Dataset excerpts
◆ ◆ ◆ ◆ ◆
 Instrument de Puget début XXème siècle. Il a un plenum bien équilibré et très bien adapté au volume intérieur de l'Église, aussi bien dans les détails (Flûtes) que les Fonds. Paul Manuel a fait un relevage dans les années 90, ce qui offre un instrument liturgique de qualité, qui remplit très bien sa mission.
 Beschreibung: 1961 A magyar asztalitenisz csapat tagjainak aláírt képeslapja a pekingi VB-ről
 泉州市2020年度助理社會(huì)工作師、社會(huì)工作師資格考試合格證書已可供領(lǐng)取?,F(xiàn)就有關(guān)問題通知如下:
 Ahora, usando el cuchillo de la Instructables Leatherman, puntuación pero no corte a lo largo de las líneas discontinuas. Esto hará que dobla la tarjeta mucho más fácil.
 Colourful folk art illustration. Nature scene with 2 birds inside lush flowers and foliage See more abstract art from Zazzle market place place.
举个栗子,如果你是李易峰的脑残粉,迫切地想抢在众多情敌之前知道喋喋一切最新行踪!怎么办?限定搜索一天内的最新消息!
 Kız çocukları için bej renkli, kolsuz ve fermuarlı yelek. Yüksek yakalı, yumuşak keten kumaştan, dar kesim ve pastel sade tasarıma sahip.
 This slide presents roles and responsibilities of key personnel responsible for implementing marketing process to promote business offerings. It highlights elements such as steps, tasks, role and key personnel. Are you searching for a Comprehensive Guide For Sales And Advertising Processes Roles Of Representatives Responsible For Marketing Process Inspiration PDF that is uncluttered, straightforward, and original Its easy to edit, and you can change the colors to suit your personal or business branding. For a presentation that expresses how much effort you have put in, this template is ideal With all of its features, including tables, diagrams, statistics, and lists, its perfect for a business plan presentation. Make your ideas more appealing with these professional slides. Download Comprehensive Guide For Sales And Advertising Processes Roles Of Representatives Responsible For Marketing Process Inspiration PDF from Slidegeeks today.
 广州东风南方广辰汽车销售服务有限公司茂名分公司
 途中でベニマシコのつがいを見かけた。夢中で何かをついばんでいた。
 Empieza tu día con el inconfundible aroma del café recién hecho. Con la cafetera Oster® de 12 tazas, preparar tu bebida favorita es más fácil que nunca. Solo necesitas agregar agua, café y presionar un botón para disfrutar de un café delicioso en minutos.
◆ ◆ ◆ ◆ ◆
**WHAT TO PRODUCE:** Print, from the entries above, the line with "Colourful folk art", the line with "Kız çocukları için" and all lines between them, exactly and with nothing else.

**TASK OUTPUT:**
 Colourful folk art illustration. Nature scene with 2 birds inside lush flowers and foliage See more abstract art from Zazzle market place place.
举个栗子,如果你是李易峰的脑残粉,迫切地想抢在众多情敌之前知道喋喋一切最新行踪!怎么办?限定搜索一天内的最新消息!
 Kız çocukları için bej renkli, kolsuz ve fermuarlı yelek. Yüksek yakalı, yumuşak keten kumaştan, dar kesim ve pastel sade tasarıma sahip.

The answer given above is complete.